Ketika Anda menjadi wakil konjen AS tahun 2000-2002, kantor Konsulat Jenderal AS berlokasi di Jl dr Soetomo. Sekarang Anda berkantor di Perumahan Citraland. Ada perbedaannya?
Tentu saja suasananya berbeda, lingkungannya juga berbeda. Apalagi, dulu saya warung langganan di dekat kantor konjen (lama).
Oh, ya, apa makanan favorit Anda?
Lontong kupang. Hehehe... saya juga suka bebek goreng, martabak.
Bagaimana Anda menilai hubungan Indonesia-Amerika Serikat selama kepemimpinan Presiden SBY?
Sangat bagus. Pemerintah Amerika Serikat banyak bekerja sama dalam banyak bidang dengan pemerintah dan rakyat Indonesia. Setelah SBY tidak lagi menjabat presiden pun saya optimistis hubungan antara kedua negara tetap berjalan dengan baik. Kalau sistem demokrasi sudah berjalan, maka sebenarnya siapa pun yang menjadi presiden tidak akan mempengaruhi hubungan yang sudah berlangsung selama ini. Siapa pun yang jadi presiden Amerika Serikat, entah itu Barrack Obama atau Mitt Romney, kerja sama dan hubungan Indonesia-Amerika tetap akan baik.
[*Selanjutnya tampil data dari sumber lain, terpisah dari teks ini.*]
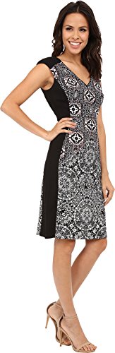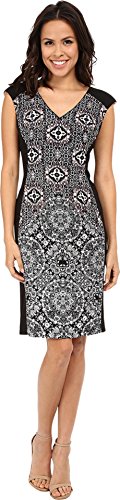 Studio : London Times Women's Dresses Publisher : London Times Women's Dresses Binding : Apparel Product Description Smooth poly-stretch fabrication features a printed design throughout with solid panels at the shoulders and sides. V-neckline. Cap sleeves. Hidden back-zip closure. Straight hem. 97% polyester, 3% spandex. Hand wash cold, hang dry. Imported. 0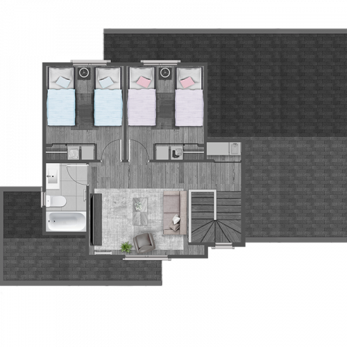Cocina full equipada con campana extractora, horno eléctrico, encimera y microondas

Ngomong-ngomong, siapa yang bakal menang dalam pemilihan presiden AS bulan depan?
Masih sulit diprediksi. Dalam jajak pendapat sebelumnya, Obama lebih diunggulkan. Tapi, setelah debat kemarin, Anda sudah lihat debat itu kan, posisi Romney mulai naik. Kita lihat saja nanti karena hasil pemilihan presiden di Amerika itu memang sulit diperkirakan.
Bagaimana Anda melihat perkembangan sosial politik di Indonesia dalam 10 tahun terakhir?
Makin menarik. Tahun 2000-2002, waktu saya bertugas di sini, belum ada pemilihan presiden secara langsung. Sekarang Indonesia sudah dua kali mengadakan pemilihan presiden secara langsung. Gubernur, bupati, wali kota juga dipilih langsung oleh rakyat. Ini jelas merupakan perkembangan yang sangat menarik.
Pemilihan langsung itu memaksa calon-calon pemimpin untuk menjawab berbagai permasalahan yang dihadapi rakyatnya. Dan mereka harus bisa menjelaskannya melalui debat terbuka.
Anda suka berolahraga?
Oh ya, saya suka sepak bola, tenis, tenis meja, bola basket.